I could have gone over the mechanics and thousands of sciences it took to explain the death of a vampire—I'm sure she would have been a fanatic for it had I already been aware of her obsession with the sciences—but for that moment, I was withholding my own vulnerabilities.
Instead, I invited, "If I hadn't been there, would you still have done it? This terrible thing?"
She seemed to laugh at the idea now, shaking her head at her own stupidity. "I think I would have deserved it, but I also think I am stubborn enough to have let freezing cold water stop me," she considered. "And I hope for your sake, whatever brought you to that pier passes you by, Niklaus. I'd be disappointed to see a worthy adversary unravel so easily."
She stood from her seat, her hand falling on my wrist and gliding off the cotton of my sleeve. The thin nails of her ring finger and pinky stimulated the skin over my thudding vein, the upright hairs on my arms reaching back.

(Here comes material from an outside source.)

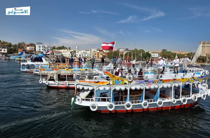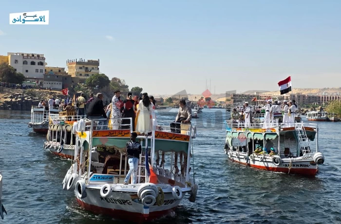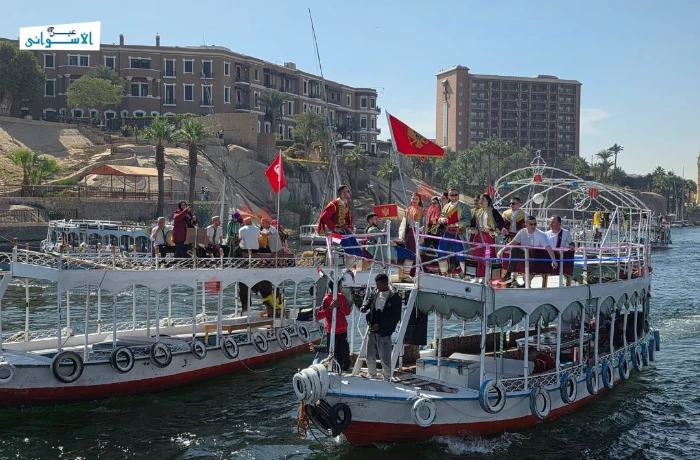 على وقع الطبول ووسط أشعة الشمس على مياه النيل، انطلق "الديفيليه النهري" بالمراكب، صباح اليوم الأربعاء، في مهرجان أسوان الدولي للثقافة والفنون بأجواء ملؤها البهجة والحيوية.

"That's the thing about adversaries. Sometimes, they fold with the settle of a score," I told her, getting to my feet.
Jezebel met me at the door with my jacket, a thin smile rising and falling from her lips as she idled for me to put it on.
The button on the cuff taps against the rim of the crooked handcrafted foyer table, rattling something on top. That rattle came from a thick-banded ring, decorated with branches and vine-like shapes that connected to the feet of a capital M.
My heart skipped a beat, knowing it was just last Christmas that Rebekah had personally requested two more be made in its likeness for Elijah and myself. Elijah never took his off, mine sat in a drawer at home where it was restrained from contact with my painting supplies.
"Where did you find this?" I frowned, picking up the ring.
"The Miller's boy found it yesterday on the trails outside the you seen it before?" she answered.
I had. What I failed to understand was why Kol would ever leave it to rust in the rain and soil of the home he once embraced.